Here we get the Axxess-jar-with-dependencies.jar from [GitHub](https://github.com/DANS-repo/axxess) - of course we only need to do this once. Adjust the version number (`1.0.1`) in the url if needed.

In [4]:
import requests

def download_file(url, filename):
    mb = 2**20
    bts = 0
    print("Downloading", url)
    r = requests.get(url, stream=True)
    with open(filename, 'wb') as f:
        for chunk in r.iter_content(chunk_size=1024): 
            bts += 1024
            if chunk:
                f.write(chunk)
                if bts % mb == 0:
                    print('.', end='', flush=True)
    return filename, bts, bts/mb

In [5]:
url = "https://github.com/DANS-repo/axxess/releases/download/1.0.1/axxess-jar-with-dependencies.jar"
filename = "java/axxess-jar-with-dependencies.jar"
download_file(url, filename)

Downloading https://github.com/DANS-repo/axxess/releases/download/1.0.1/axxess-jar-with-dependencies.jar
.........................................................

('java/axxess-jar-with-dependencies.jar', 60484608, 57.6826171875)

### Access help <a id="pow_help"></a>

Access help will briefly inform you about its usage.
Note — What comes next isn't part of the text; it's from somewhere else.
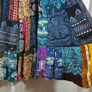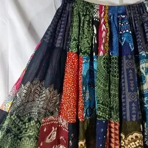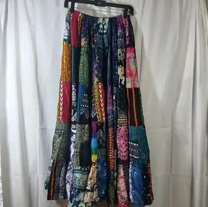 Womens Patchwork Long Maxi Peasant Skirt Boho Heavy Hippie Gypsy Colorful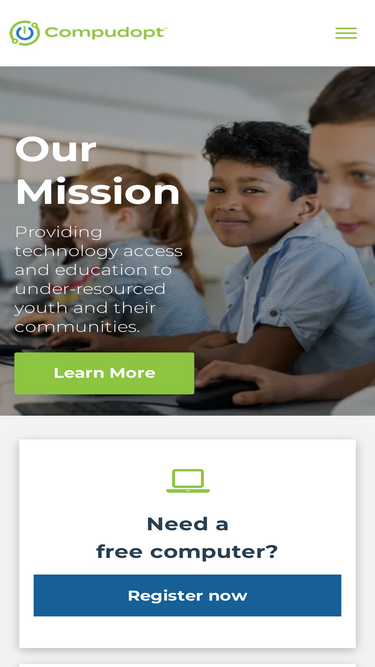 100%at compudopt, our mission is to provide technology access and education to youth and their communities. register for a free computer through our giveaway. or sign up for a free technology program today.

Help will be printed if invoking axxess with no arguments or with arguments `-h` or `--help`.

In [6]:
!java -jar java/axxess-jar-with-dependencies.jar

No log configuration given. Using default. See: logs/axxess.log
Axxess is a tool for converting MS Access databases to and from csv files.
See also: https://github.com/DANS-repo/axxess

USAGE:

          java -jar axxess-jar-with-dependencies.jar [axxess.properties] [logback configuration]

axxess.properties      - configuration file.
                         See https://github.com/DANS-repo/axxess/blob/master/docker/cfg/axxess.properties
                         If no properties file given will look for cfg/axxess.properties

logback configuration  - logging configuration.
                         See https://logback.qos.ch/manual/configuration.html
                         If no logging configuration given will log to logs/axxess.log


# Access to csv <a id="aca"></a>

Axxess can be configured and instructed with a properties file. An example properties file and documentation can be found [here](https://github.com/DANS-repo/axxess/blob/master/docker/cfg/axxess.properties). Most properties have a default value, the only ones you need to provide for Access to csv conversion are `axxess.mode` and `db.source.file`.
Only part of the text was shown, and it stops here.